Melanie stanęła twarzą w twarz z brzdącem, którego unikała od dnia jego narodzin. Choć wiele razy mignął jej gdzieś na fotografiach rozwieszonych w domu, dopiero w tej chwili spojrzała na niego w pełni świadomie.
Wyglądał jak miniaturowa wersja Sylvii. Miał jej ciemne oczy i włosy, nawet z buzi ją przypominał. Jedyne co odziedziczył po tacie, to jasna karnacja. Patrzył na nią z zainteresowaniem i otwierał przy tym buzię, więc mogła zobaczyć kilka białych ząbków.
Był taki... niewinny. Taki bezbronny i malutki.
— Siocia — powiedział nagle i się uśmiechnął.
Zabolało. Zupełnie jakby ktoś złapał ją za serce i z całej siły zacisnął pięść. Gorąco rozgrzało jej oczy, oddech przyspieszył. Dlaczego? Dlaczego nie mogła pokochać tego malca tak, jak reszta jej rodziny? Dlaczego, ilekroć ktoś o nim wspominał, czuła jedynie ból? Dlaczego teraz, kiedy patrzyła na niego i czuła od niego ten przyjemny niemowlęcy zapach, miała ochotę się rozpłakać?
— Cześć, Archie... — odparła, ale głos się jej załamał.
W tamtym momencie tylko jedna osoba zauważyła, co takiego kryje się za jej sztuczną fasadą spokoju. I na całe szczęście ta osoba postanowiła uratować sytuację.
— Chodźcie, pomogę wam wnieść bagaże na piętro — powiedział głośniej Jowan i posłał młodszej córce krótkie, porozumiewawcze spojrzenie. — Będziecie spać w starym pokoju Sylvii, chyba zmieścicie się w trójkę na jednym łóżku, co?
— Mamy dla Archiego łóżeczko podróżne — wyjaśnił Aaron, który zabrał się wraz z teściem za noszenie.
— Podróżne? — podjął ojciec głosem pełnym niezrozumienia. — Jak to?
— No, wie tata, takie składane...
Ich głosy powoli oddalały się na piętro.
— Lepiej im pomogę — powiedziała Sylvia i ruszyła za mężczyznami. — Mamo, zajmiesz się chwilę małym?
Ale Gianna już porwała Archiego do salonu, żeby pokazać mu uginającą się od ozdób choinkę. Melanie została sama.

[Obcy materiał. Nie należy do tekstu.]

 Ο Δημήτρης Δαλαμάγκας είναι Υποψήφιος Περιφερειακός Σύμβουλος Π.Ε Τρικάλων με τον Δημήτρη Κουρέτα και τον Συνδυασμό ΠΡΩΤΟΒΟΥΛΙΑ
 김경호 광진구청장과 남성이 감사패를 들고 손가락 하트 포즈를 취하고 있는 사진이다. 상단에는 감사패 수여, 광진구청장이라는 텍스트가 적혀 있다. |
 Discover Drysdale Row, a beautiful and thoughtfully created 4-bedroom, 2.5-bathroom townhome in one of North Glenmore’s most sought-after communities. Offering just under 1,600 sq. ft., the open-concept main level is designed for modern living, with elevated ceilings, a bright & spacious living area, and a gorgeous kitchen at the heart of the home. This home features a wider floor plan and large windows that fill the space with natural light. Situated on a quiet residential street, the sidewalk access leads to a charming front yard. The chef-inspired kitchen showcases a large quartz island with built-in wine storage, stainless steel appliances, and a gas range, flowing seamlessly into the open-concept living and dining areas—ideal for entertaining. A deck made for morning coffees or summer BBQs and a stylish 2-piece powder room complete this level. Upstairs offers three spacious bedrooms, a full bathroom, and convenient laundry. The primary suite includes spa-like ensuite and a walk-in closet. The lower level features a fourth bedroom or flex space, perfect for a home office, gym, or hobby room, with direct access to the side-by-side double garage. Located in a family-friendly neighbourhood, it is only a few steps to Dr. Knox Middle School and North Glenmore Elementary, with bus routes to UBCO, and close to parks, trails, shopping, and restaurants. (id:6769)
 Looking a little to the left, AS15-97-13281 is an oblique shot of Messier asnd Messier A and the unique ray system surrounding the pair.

Z nadmiaru emocji prawie piszczało jej w uszach, gdy stała nieruchomo w sieni i wsłuchiwała się w zagłuszony przez ściany gwar. Wykorzystała wszystkie swoje siły, żeby tylko się nie rozkleić. Ta krótka konfrontacja rozdarła ją od środka na strzępy. A to przecież dopiero początek...
Przymknęła na chwilę oczy i odetchnęła głęboko, urywanie. Co powinna zrobić? Czy mogłaby wrócić do swojego pokoju? Miała na to ogromną ochotę, ale czy wówczas bliscy znów nie posądziliby jej o robienie dramatów i ostentacyjne separowanie się? Jedynym, czego chciała w te święta, to czyste sumienie zaraz po wyjeździe gości. Nie chciała dawać rodzicom kolejnych powodów do traktowania jej jak jakiejś nienormalnej.

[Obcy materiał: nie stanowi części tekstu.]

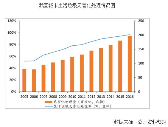 2017年1月,發(fā)改委頒布《“十三五”全國(guó)城鎮(zhèn)生活垃圾無(wú)害化處理設(shè)施建設(shè)規(guī)劃》。規(guī)劃提出,要加快垃圾無(wú)害化化處理設(shè)施建設(shè),到2020年底,直轄市、計(jì)劃單列市和省會(huì)城市(建成區(qū))生活垃圾無(wú)害化處理率達(dá)到100%;其他設(shè)市城市、縣城(建成區(qū))、建制鎮(zhèn)的生活垃圾無(wú)害化處理率分別達(dá)到95%以上、80%以上和70%以上。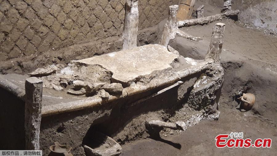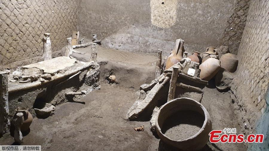 Photo released on Nov.7, 2021, shows a "slaves room" at a Roman villa, containing beds, amphorae, ceramic pitchers and a chamber pot is discovered in a dig near the ancient Roman city of Pompeii, destroyed in 79 AD in volcanic eruption. (Photo/Agencies)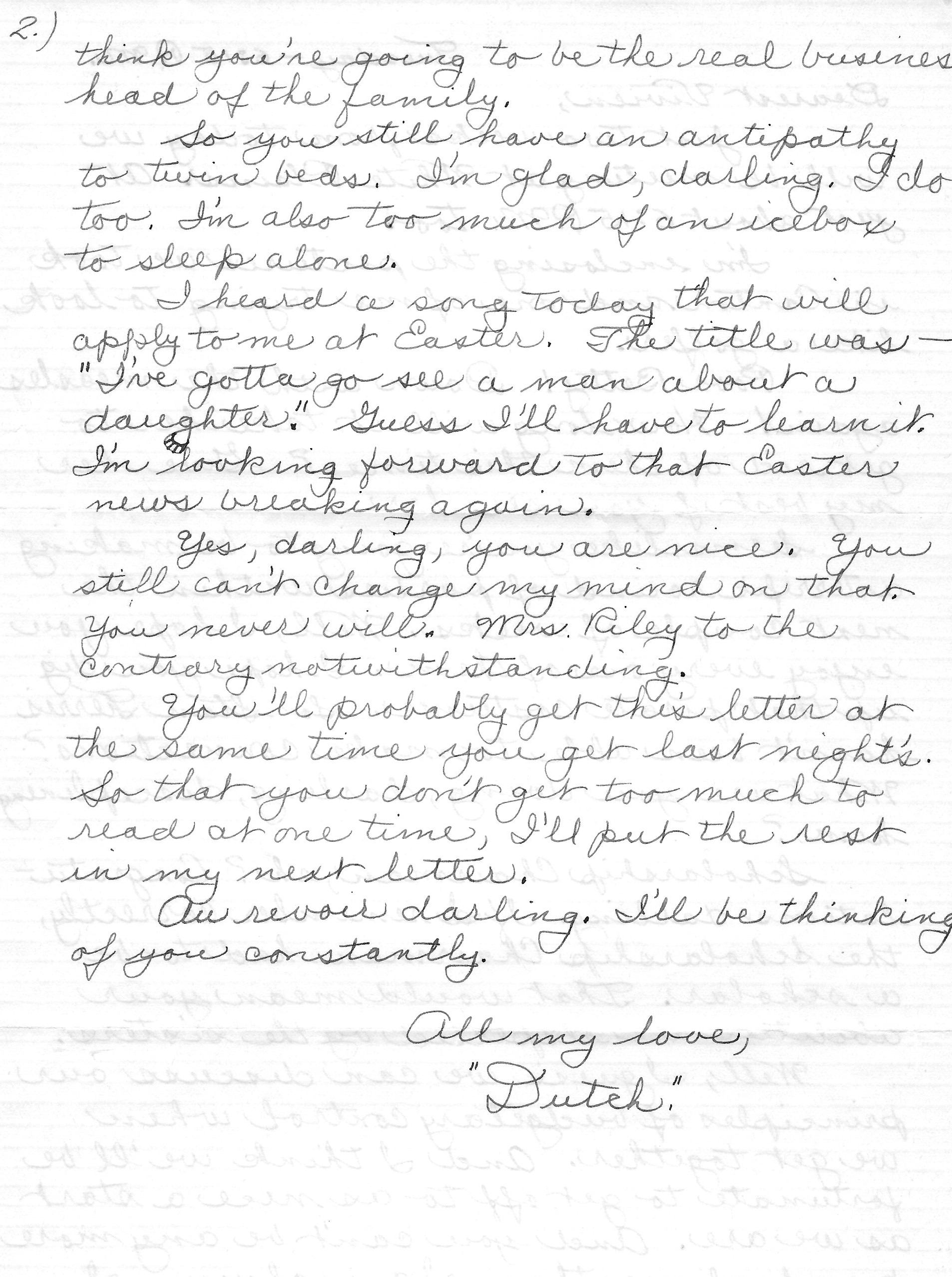 You’ll probably get this letter at the same time you get last night’s3. So that you don’t get too much to read at one time, I’ll put the rest in my next letter.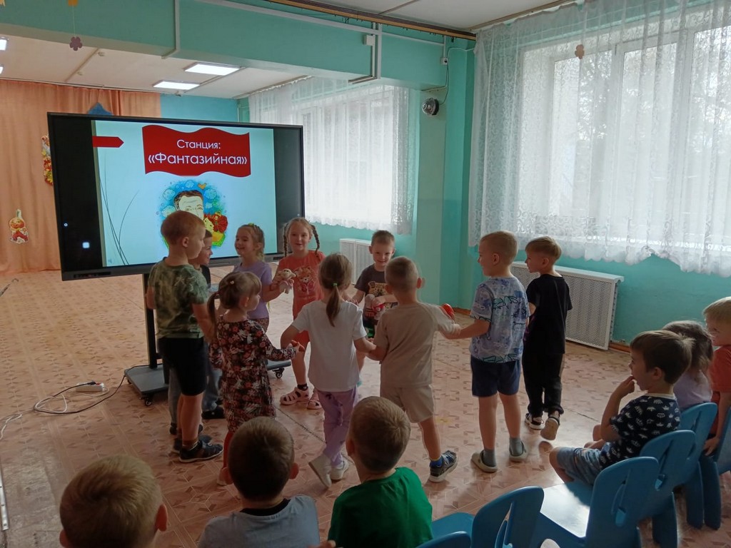А на станции «Фантазийная» дети самим стали сказочниками и сочинили свою сказку при помощи обычных предметов.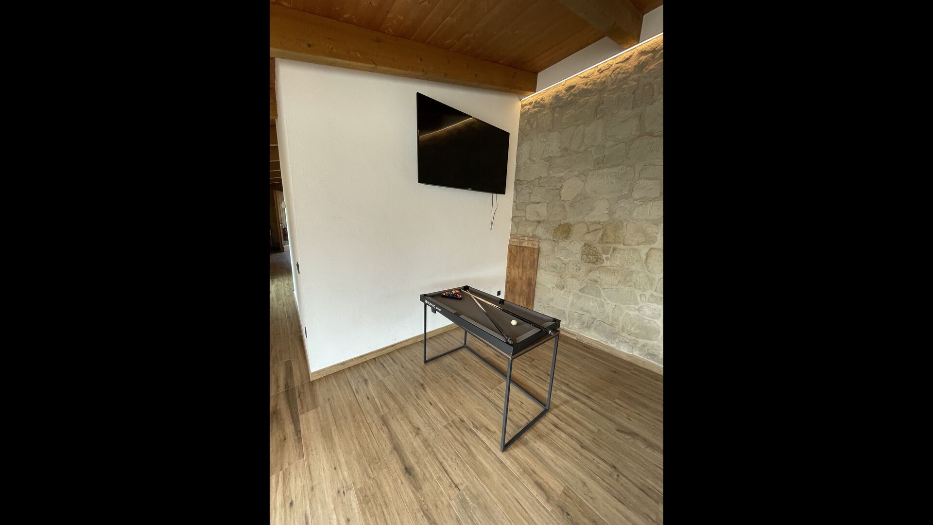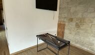 Wenn Sie vom Erdgeschoss eintreten, finden Sie einen Tischfußball-Aufbau und ein Badezimmer. Ebenfalls im Erdgeschoss finden Sie einen großen Esstisch, einen Grill (mit ummauertem Grill) und einen an der Wand montierten Flachbildfernseher</strong > und ein kleiner Billardtisch.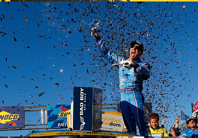 Kevin Harvick consiguió hoy su tan esperada primera victoria de la temporada en el óvalo de New Hampshire, luego de una excelente estrategia de parada en boxes; y contener el intento de Denny Hamlin, quien intentó superarlo con un toque incluido en la última vuelta. Harvick lideró 41 de las 301 vueltas, y aventajó a Hamlin por sólo 0.210 segundos en la bandera a cuadros. Sigue leyendo

Tak, zamierzała przez cały ten okropny czas udawać, że wszystko z nią w jak najlepszym porządku.
Nagle poczuła w dłoni wibracje. Błyskawicznie otworzyła oczy i spojrzała w ekran telefonu. Otrzymała wiadomość od Williama:
H: Niedawno wypłynęliśmy. Rodzina już w komplecie?

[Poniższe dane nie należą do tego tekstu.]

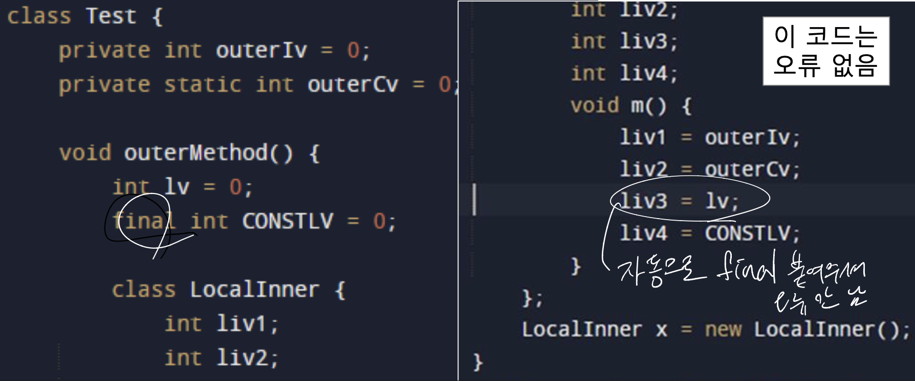 -추가로 지역 클래스가 포함된 메서드에 정의된 final 지역변수(상수)도 사용 가능 (private일지라도)\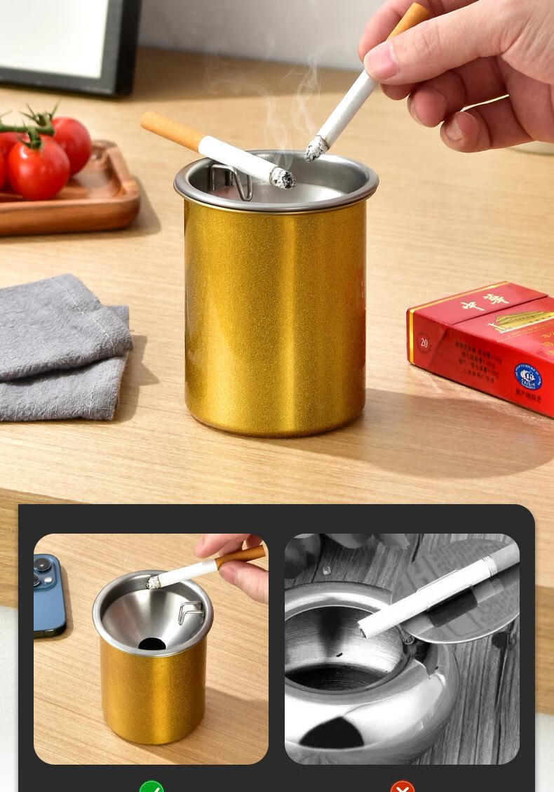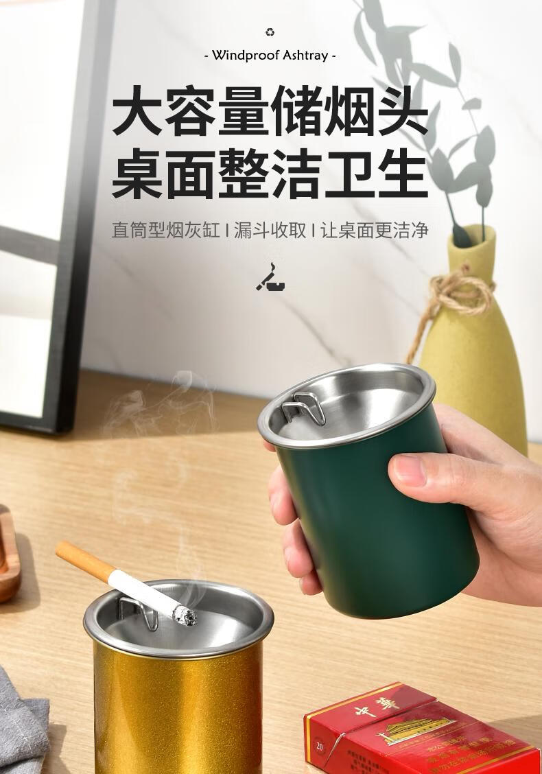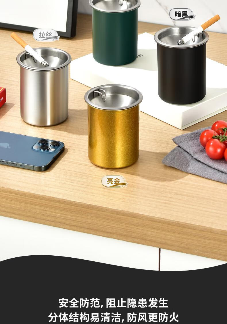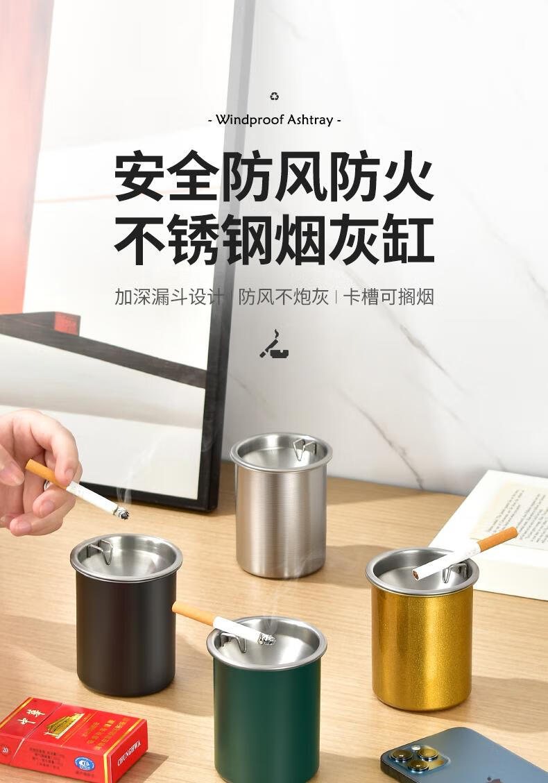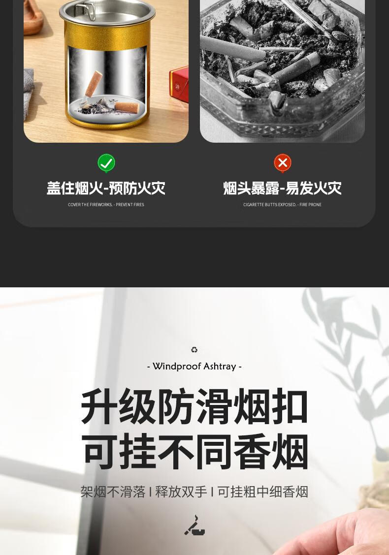 Futan Funnel Ashtray Stainless Steel Ashtray with Cigarette Clip Windproof and Fly Ashproof Ashtray Matte Black Fly Ashproof Type*Thick Type

Odpisała mu zgodnie z prawdą, a potem bez zastanowienia weszła do salonu, gdzie zastała mamę i Archiego. Dziecko zachwycało się kolorowymi lampkami, a babcia zachwycała się dzieckiem. Typowe.
— Mamo? — rzuciła, zatrzymawszy się w drzwiach. Gdy Gianna ją zauważyła, dodała: — Idę odebrać Williama z portu, niedługo wrócę.
Pani Penrose skinęła na znak przyjęcia informacji do wiadomości, a potem skupiła całą swoją uwagę na wnuku.
Melanie nie zamierzała marnować czasu. Wiedziała, że skoro niedawno wypłynęli, najpewniej mieli zacumować w porcie dopiero za godzinę. Mogłaby wyjść po Willa dużo później, ale wolała stać na pomoście w wietrze i deszczu, niż tkwić w domu, narażona na przypadkowy kontakt z krewnymi. Tego dnia i tak mieli spędzić ze sobą zdecydowanie za dużo czasu.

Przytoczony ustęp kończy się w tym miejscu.